We’ve talked earlier about clades; a term which relates to how we can put influenza (flu) viruses that sit under the broad title, “A/H3N2”, into subgroupings. Clades are a way of describing similar viruses, based on their genetic sequences. Let’s step through the morass of flu, genes, clades and H3N2.
Before we get into A/H3N2 clades though, let’s
Genes are made of A, C, G and T
You’ve probably heard the DNA components that make up genes described as “building blocks” or bases. These bases are called adenine (A), guanine (G), cytosine (C) and thymine (T). Each base is chemically bound to a sugar molecule and a phosphate molecule. Altogether these 3 things are called a nucleotide.
Our genes include only 1-2% of the 3.2 billion nucleotide base pairs. That leaves a lot of genetic dark matter. Humans differ genetically by only about 0.1% from each other and about 1.2% (comparing the same aspects) from a chimpanzee.
How to view genetic differences
When we talk about nucleotide sequencing, we’re using lab tools to uncover the order of the sequence. In some instances, we know what changes in the sequence mean for the protein product, virus, disease etc., and in other instances – we don’t.
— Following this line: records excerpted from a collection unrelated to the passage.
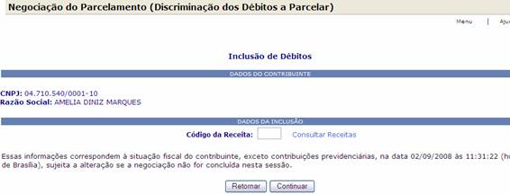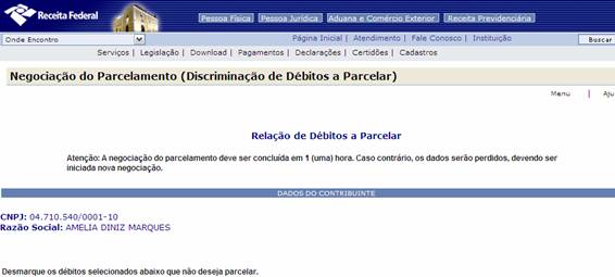 do Parcelamento (Discriminação dos Débitos a Parcelar), na página da RFB na
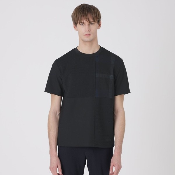 フロントをパッチワーク状に切り替えたTシャツ。部分的にチェック柄や凹凸感のある素材を取り入れる事でさり気ないアクセントに。同系色でまとめながらも、程良いデザイン性により一枚でも存在感あるTシャツに仕上がっています。
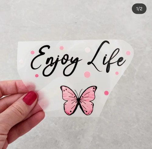 برچسب اتویی لباس، پروانه و متن از زندگی لذت ببر
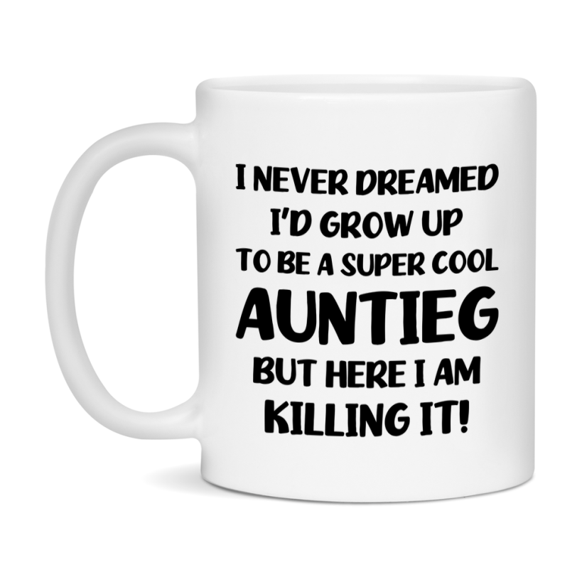 Funny Auntieg Mug - "I Never Dreamed I'd Grow Up To Be A Super Cool Auntieg" - White Ceramic Coffee Cup (11Oz Or 15Oz Select your size 11oz 15oz Select your color White White/Red White/Pink White/Orange White/Light Green White/Light Blue White/Midnight Blue White/Black Decrease quantity for Funny Auntieg Mug - "I Never Dreamed I'd Grow Up To Be A Super Cool Auntieg" - White Ceramic Coffee Cup (11Oz Or 15Oz Quantity Increase quantity Show product Select size Removing from cart... Adding... Out of stock Unavailable Add to cart Removing from cart... Adding... Already in cart Select another option From $16.95 USD Unit price / per
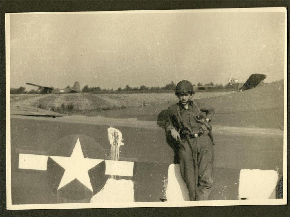 Amerikaanse parachutist leunt tegen een Waco glider,...
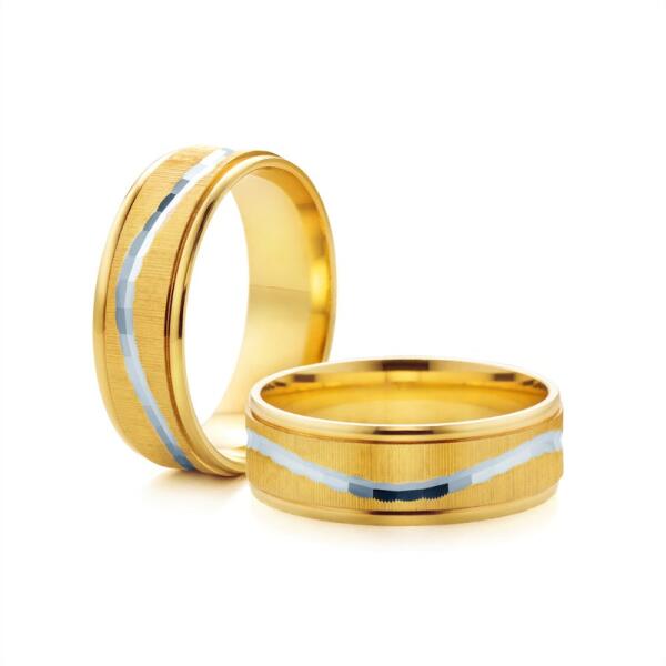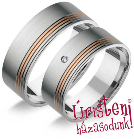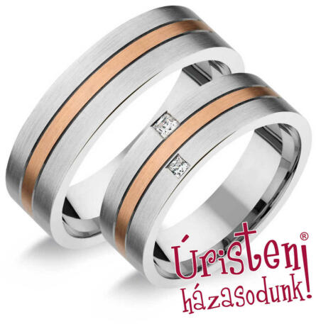 Esküvői karikagyűrűk: kétszínű arany, lapos, 6 mm

These sequences can then be used to view differences and similarities between viruses in distinct patients, or over time and across space.
Aligning the sequences
First, we align the sequences (see below). This post is about flu viruses so let’s talk about flu virus hemagglutinin (HA) gene sequences retrieved from infected humans. To align lots of different sequences in order to see if they are the same or different, we use computer software which takes each sequence (a row in the example below) and matches it to every other sequence chosen to be in the alignment.
The software looks through the nucleotides in each sequence and tries to match them up as closely as possible to those in the other sequences. There are different ways that the software can do this. Sometimes one or more sequences will have different nucleotides at a position compared to the average – or consensus – shared by most other sequences.
An alignment shows up these similarities and differences. But that can be hard to fully grasp by looking at the alignment alone. So we present the alignment graphically.
A tree from the forest
From a good alignment, we can make a good phylogenetic tree; these are diagrams that represent evolutionary relationships among the sequences and their donor organisms; viruses in this case.
Phylogenies are the evolutionary history of species. These can graphically show relationships
Below I made a quick phylogenetic tree from the alignment in the earlier example. It shows the relationship between just these different A/H3N2 HA gene segments collected from infected patients in 2015, 2017, 2018 and 2019. An example of a clade of viruses is highlighted in orange. All the sequences branch off a common node.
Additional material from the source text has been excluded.